Наследие Евы (СИ) - Рицнер Алекс "Ritsner". Страница 10

Серега пытается вглядеться в Стаха с самодовольной ухмылкой, что вот он едет, с отцом, по-взрослому. Стах замечает за собой: не против. Он не помнит, когда в последний раз хотел — отвоевать место первого сына.

Он осознал отчетливо, когда лежал на больничной койке с вывернутым коленом, отец ему не в жизнь не простит — вот это, вывернутое колено. Они не говорили месяца три. И Стах его потерял. Он не знает, как можно потерять близких, особенно живых, но что-то случилось тогда, в те три месяца боли, отрицания и разочарования в себе.

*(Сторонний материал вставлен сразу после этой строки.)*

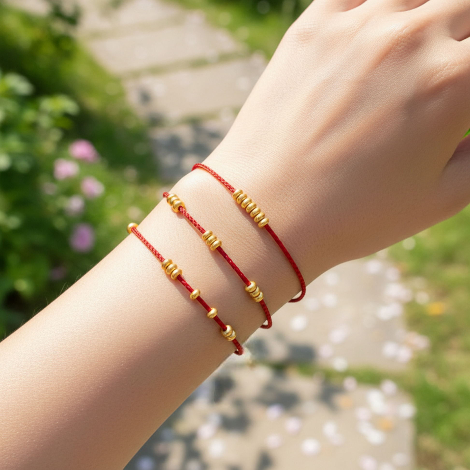 24k Pure 999 Gold Lucky Beads with Red Rope Bracelet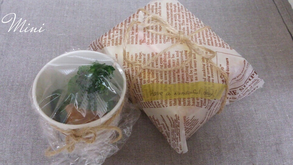 おかずは楊枝で刺して紙コップに入れてラップ+麻紐。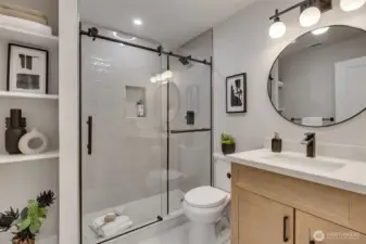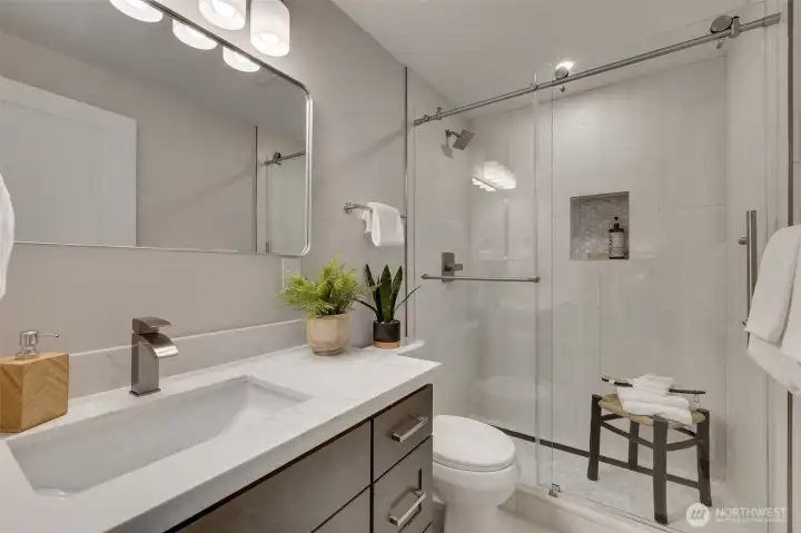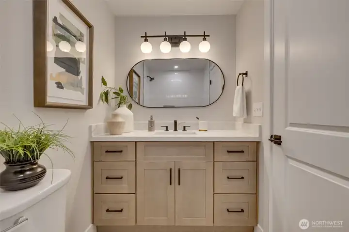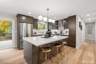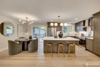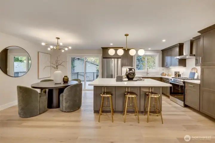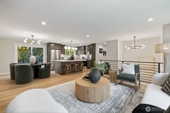 Completely remodeled modern gem on coveted Education Hill — 4 beds, 3 baths, 2,210 sq ft of stylish open-plan living w/ over 300K invested, including new roof, furnace, hot water heater, lighting, flooring, windows, & doors. Showcasing high-end finishes, a designer kitchen w/ quartz counters, oversized island, custom lighting, & stainless appliances. Spa-inspired custom baths, wide-plank flooring, beautiful mill work, & custom built modern fireplaces wired for entertainment. Enjoy seamless indoor/outdoor flow to a massive 16×20 Trex deck & fully fenced backyard oasis—perfect for entertaining. Basement bed & bath ideal for multi-generational living. Steps to Meadow Park, walking trails, highly rated schools, & vibrant Redmond amenities.

Стах пугается воспоминаний, чувства утраты: вдруг Тим тоже потеряется? или потеряет? или они оба — друг друга? или они — уже? Это хуже или лучше, чем?..

— Ну че, Сташка, ты дома?

— С нами он еще не дорос.

Стах желает:

— Хорошей поездки. Или что у вас там…

— Или что у нас там, — Серега наслаждается.

Стах слабо морщится.

— Ты голодный, милый? Я разогрею обед.

Мать уходит в кухню. Один раздевается, когда двое — наоборот.

Серега дразнит:

— «Ты голодный, милый»?

Отец неодобрительно морщится. Отец спрашивает, ни к кому не обращаясь:

— И кого она думает вырастить с таким отношением?

— Ну, будет подкаблучником…

— Меня мать телячьими этими нежностями не баловала. Мы, бывало, с ней и не общались — и я никогда не рассчитал, что кто-то мне подстелит соломку. Сам научился со всем справляться. Не знаю, Стах, какой из тебя вырастет мужчина…

— Какой-нибудь да вырастет, — хмыкает Серега.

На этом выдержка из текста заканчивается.